A fall in the value of Sterling is good news for overseas businesses importing from the UK, but not for overseas businesses exporting to the UK. For overseas businesses considering an investment in the UK, the fall in the value of Sterling may offer significant opportunities to acquire UK firms cheaply. There was a marked increase in the value of foreign company acquisitions of British firms following the Brexit referendum.

The wider impact on English corporate law

The current intention of the UK Government is that EU law will cease to apply directly to the UK, but will be transposed into UK law upon a Brexit under the European Union (Withdrawal) Bill. Parliament can then determine which elements of that law to retain, modify, replace or remove from UK law.

When the UK leaves the EU, it is likely to lead to less regulation of UK companies. However, this was not one of the priority areas in the UK’s pre-referendum negotiations with the EU and we would not expect changes in this area to be significant or a high priority.

The majority of English company law is not derived from EU legislation. The Companies Act 2006 is the core legislation affecting the incorporation and operation of UK companies. Some parts of the Companies Act 2006 have been derived from EU Directives. These include provisions relating to accounts, disclosure of information and shareholder rights. The most significant provisions apply to UK companies with shares listed on a regulated market such as the Main Market of the London Stock Exchange. We would expect these provisions to be reviewed by the Government in the coming months and years, but would not expect significant changes in this area.

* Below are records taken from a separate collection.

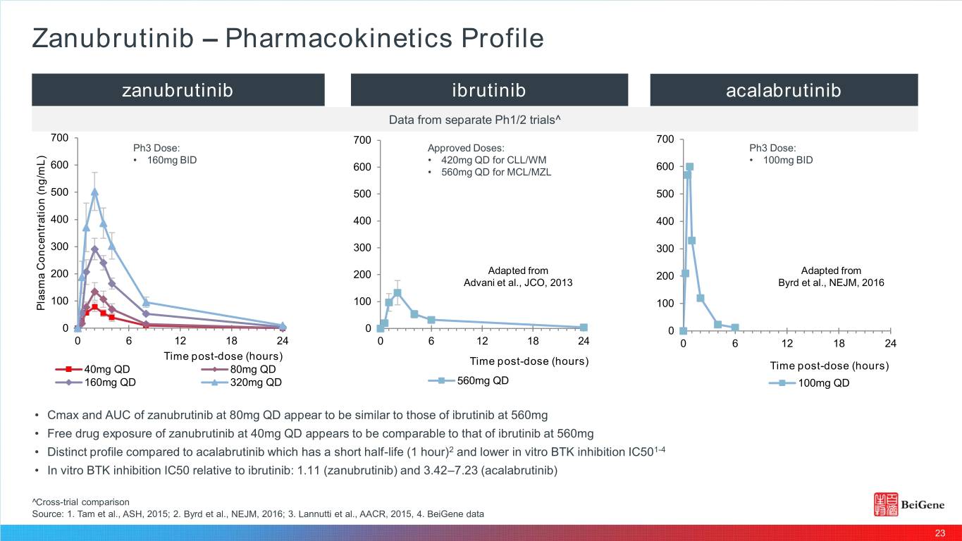 Zanubrutinib Clinical Program Global China DOSE ESCALATION DOSE EXPANSION PIVOTAL PROGRAM (TARGET) FILED PH1a PH1b PH2* PH2** PH3 R/R CLL/SLL (NDA Accepted) R/R MCL (NDA accepted) WM: zanubrutinib vs. ibrutinib, ASPEN TN CLL/SLL: zanubrutinib vs. BR, SEQUOIA zanubrutinib R/R CLL/SLL: zanubrutinib vs. ibrutinib, ALPINE (BGB-3111, BTK) Planned: 1L MCL: zanubrutinib + R vs. BR R/R MZL4 R/R WM R/R DLBCL B-cell malignancies R/R FL: zanubrutinib + GAZYVA® vs. GAZYVA® + GAZYVA® (CD20) B-cell malignancies + GAZYVA® + venetoclax (CD20 TN CLL/SLL + BCL2) + tislelizumab (PD-1) Hematological tumors + ME-401 (PI3K delta) R/R CLL/SLL or B-cell malignancies More than 1,450 patients3 treated with zanubrutinib across program, including combination trials. 1. Some indications will not require a non-pivotal Ph2 clinical trial prior to beginning pivotal Ph2 or Ph3 clinical trials. 2. Confirmatory clinical trials post approval are required for accelerated approvals. 3. as of August 7, 2019. 4. global study and potentially registration-enabling in certain countries; DLBCL: Diffuse Large B-cell Lymphoma 22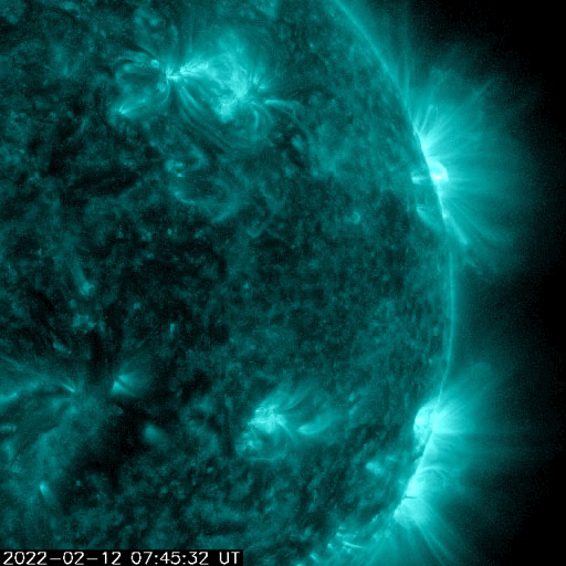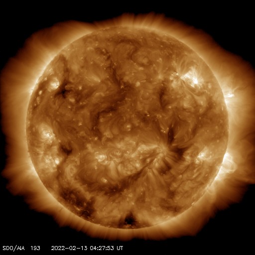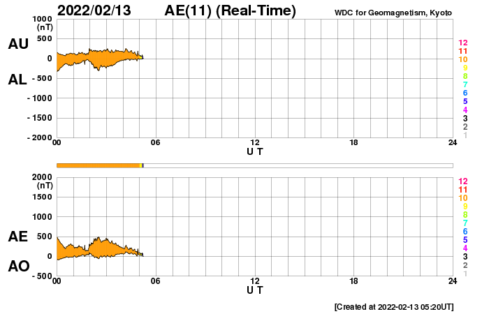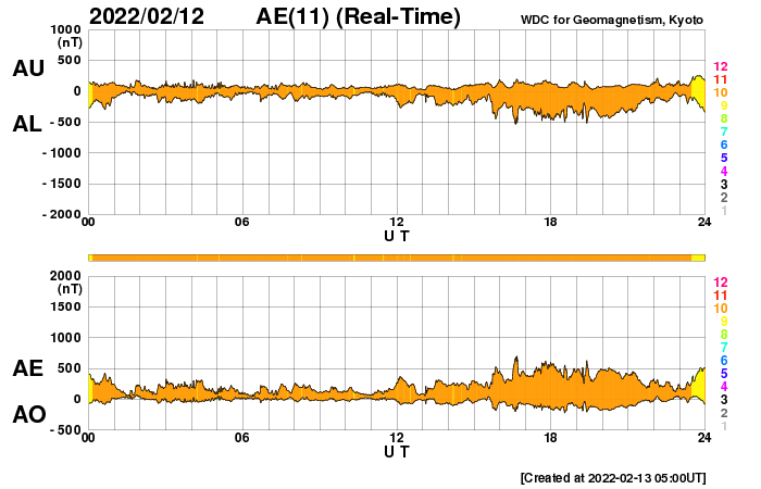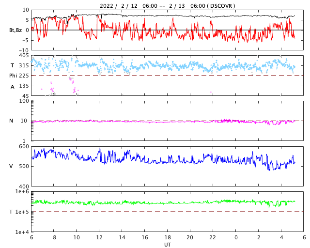 2022/ 2/13 14:24 更新 高速の太陽風が続いています。磁気圏もやや活動的です。 担当 篠原 太陽風は、570km/秒から500km/秒へ ゆっくりと速度が下がっていますが、 高速の状態が続いています。 磁場強度は、7nTと少し強まっています。 磁場の南北成分は、弱い南寄りの変化が続いています。 磁気圏の活動もやや高まっていて、 AE指数は、200〜500nTくらいの変化が連続しています。 高速太陽風はもうしばらく続くのか、 これから速度が下がって行くのか、 この後の変化に注目してください。 太陽では、西側の4か所でフレアが次々と発生しています。 SDO衛星AIA131の動画で昨日の夕方からの変化を紹介します。 最初に明るく光る、M1.4の中規模フレアは、 南西(右下)に沈んだ2939黒点群で発生しました。 続いて、C9.2が北東(右上)の2940群で発生し(もう沈んでいます)、 直後により南側の2944群でC8.0が発生しています。 そして、北側の少し内側でC6.1のフレアが、今朝発生しています。 沈んでしまった領域の活動が多いので、 この後の太陽は少し静かになってしまいそうです。 ![]() 太陽の西側のあちこちでC、Mクラスのフレアが発生しています。SDO衛星AIA131。 (c) SDO (NASA)、(動画加工 : 宇宙天気ニュース) ![]() SDO衛星のAIA193カメラによる太陽コロナの様子 (c) SDO (NASA) ![]() SDO衛星による太陽の可視光写真。マウスの矢印を写真に重ねると、黒点番号付きの写真に切り替わります。 (c) SDO (NASA) ![]() DSCOVRが観測した太陽風の磁場(黒線は全体の強度、赤線は南北成分) 磁場の向き、プラズマの密度、速度、温度 (c) データ:NOAA/SWPC、作図:宇宙天気ニュース ![]() AE指数(速報値) 下段のAEグラフの値が高くなると、オーロラ活動が活発化しています。 (c) 京都大学WDC ![]() ![]() 27日の太陽周期に合わせた図 太陽が同じ面を地球に向けていた27日前の変化から、今後を予想することができます。 (c) 作図:宇宙天気ニュース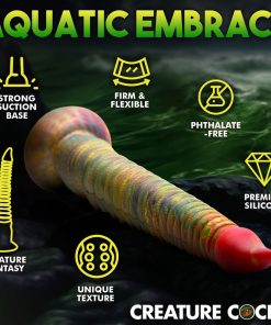 Fantasy Anal Hose: This extra long and thin tentacle dong is colorful with scale-like features due to the bubbles and swirls of red, yellow and blue inside of it. One side has a row of suckers while the rest of it is smooth and ribbed for your pleasure!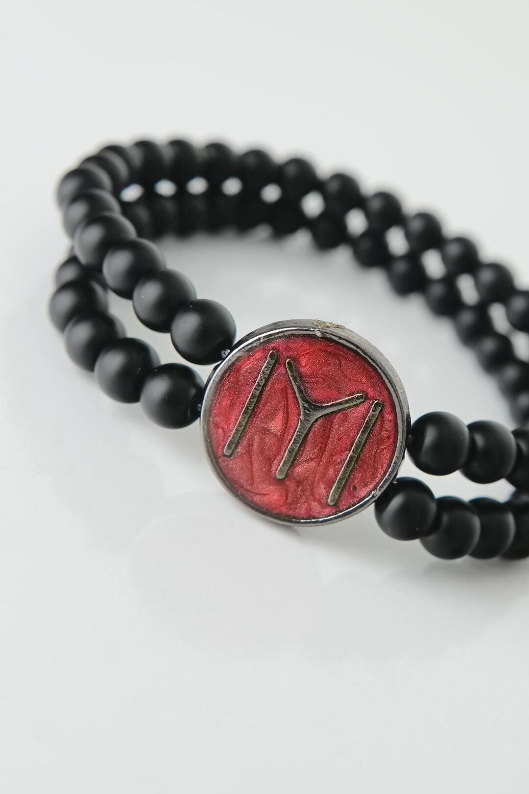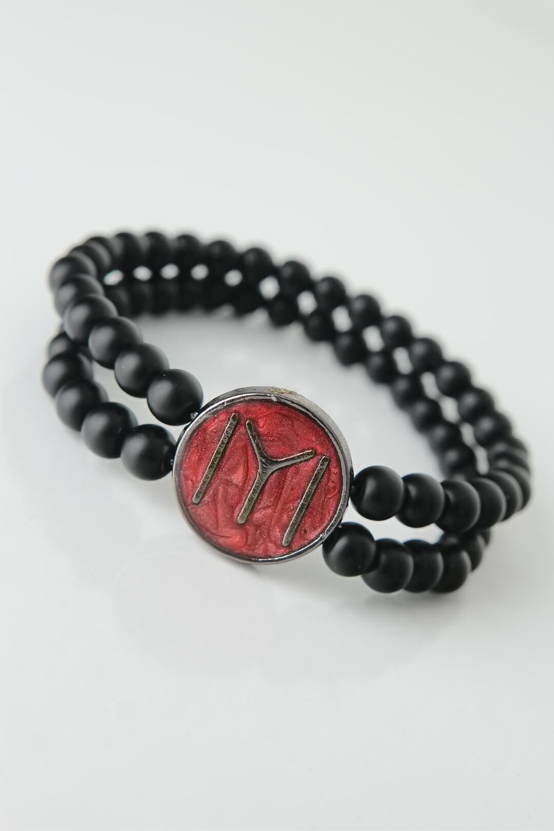 Siyahın bordoya uyumununu yansıtan Bordo Metal Üzerine Füme Kayı Boyu Figürlü Siyah Renk Çift Sıra Doğal Taş Erkek Bileklik tasarımına hemen sahip olun.

In November 2017, the EU released a notice to prepare stakeholders for company law changes post-Brexit. This notice identified some important legal repercussions including:

  • UK incorporated companies will become "third country companies" and as result will no longer be recognised by EU Member States. This means, for example, that other Member States will not be obliged to recognise the separate legal personality and limited liability status of companies incorporated in the UK which have their central administration or principal place of business in another EU Member State. UK incorporated companies may still be recognised in accordance with each Member State's national law or international law treaties.
  • UK incorporated companies with branches in other EU Members States will no longer benefit from favourable rules applicable to branches of other EU incorporated companies but will be subject to the rules applicable to branches of third country companies.
  • EU law on disclosure, incorporation, capital maintenance and alteration, and cross-border mergers will no longer apply to the UK. The impact on cross-border mergers is discussed above, but these other EU rules form part of UK company law and are expected to be retained, at least initially, as part of the European Union (Withdrawal) Bill.
  • The company law form of a European Company (Societas Europaea) will no longer be available in the UK. 

The UK equity capital markets are, in part, governed by EU Directives and Regulations, implemented or having direct effect in the UK, including in relation to the requirements to prepare a prospectus, obligations of disclosure and transparency and provisions to prevent market abuse. These Directives and Regulations provide a uniform legal framework for the operation of EU capital markets. We do not expect changes to these provisions to be a high priority. We also expect that the Financial Conduct Authority and the London Stock Exchange will want to see obligations of this type remain in force. As a practical matter, where risk factors are included in prospectuses and other offer documents published by UK companies, additional risk factors relating to Brexit are likely to be included.

We intend to update our guidance in this area as the corporate implications of the Brexit vote become clearer.